Elizabeth Herndon. Image credit: Carlos Jones, ORNL

Elizabeth Herndon has already worked in a variety of environments, focusing her research on how soil minerals affect the storage or release of organic matter and nutrients in various ecosystems. That pattern holds true for her Early Career Award–winning proposal “Biogeochemical Controls on Phosphorus Cycling in Urban-Influenced Coastal Ecosystems.” This study will investigate how the nutrient phosphorous is cycled in ecosystems on the Gulf Coast of Louisiana.

“I’ve worked in stream systems, I’ve worked in temperate forests and I’ve worked in the Arctic tundra,” Herndon said, “but coastal systems are completely new to me. Fortunately, the science doesn’t really change depending on the environment.”
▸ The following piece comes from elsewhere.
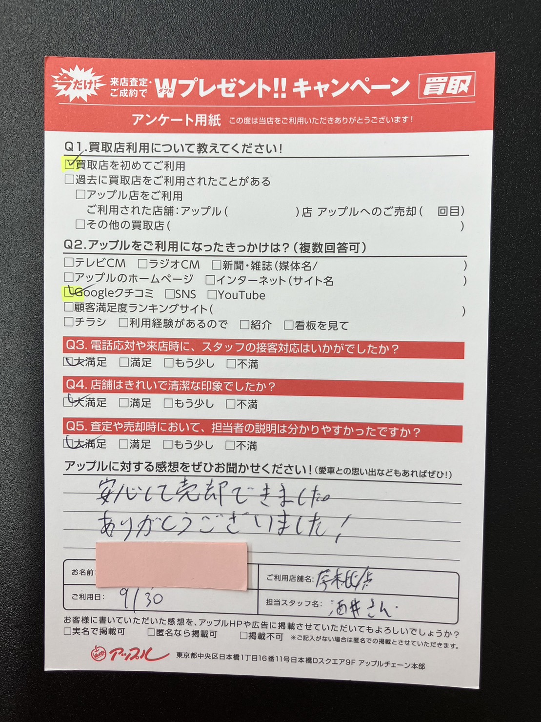 お車のご相談・ 査定だけでもOK! カンタン 入力 30秒 アップルがブランド買取始めました! お電話でも受付中! 受付時間10:00 ~ 19:00 046-246-2828 お車のご相談・ 査定だけでもOK! カンタン 入力 30秒 アップルがブランド買取始めました! お電話でも受付中! 受付時間10:00 ~ 19:00 046-246-2828 アップルがブランド買取始めました! お電話でも受付中! 受付時間10:00 ~ 19:00 046-246-2828 店舗情報 在庫車 スタッフ紹介 ブログ お客様の声 キャンペーン 無料査定 click お客様の声 ご記入日: 2023/09/30 東京都日野市 Y様 車名:トヨタ ヴィッツ 安心して売却できました。ありがとうございました! 前へ 次へ お客様の声一覧を見る

Louisiana’s Gulf Coast has experienced significant land loss as a result of urban flood prevention measures. These measures often include channelizing rivers — thereby disconnecting them from their floodplains — and diverting fresh water away from urban areas and toward less-developed coastal areas. These redirections change sediment supply to deltas, altering their susceptibly to flooding but changing the amount of nutrients, like phosphorus, flowing to coastal ecosystems.

Phosphorus is an important nutrient for all ecosystems. Sometimes too much can limit plant growth or microbial activity or cause “nutrient pollution” — think algae blooms that can produce toxins that are harmful to humans and animals.

“How bioavailable phosphorous is to plants and microorganisms depends a lot on how it’s interacting with minerals in the soil,” Herndon said, “so my study is looking at the interactions between phosphorus and soil minerals. Some of the factors that can affect whether phosphorus is bound to minerals include how much oxygen is available in the soil or the salinity of the water in the soil.”

Her studies will compare those interactions in two different coastal delta ecosystems — one that is growing and one that is shrinking.

“The growing delta is increasing in elevation relative to sea level, because it’s receiving fresh water that also contains a lot of sediment,” Herndon said. “But the rivers have been diverted away from the shrinking delta, so it’s no longer receiving sediment, and it’s starting to sink below sea level. This means that the delta is getting flooded with seawater. When that happens, it increases the salinity and decreases the oxygen that’s available. This disrupts the interactions between nutrients and soil minerals.”

Herndon’s research will examine how being flooded with seawater affects interactions among phosphorus, iron and manganese in coastal river deltas to improve predictions of the future carbon storage and ecological health of these areas.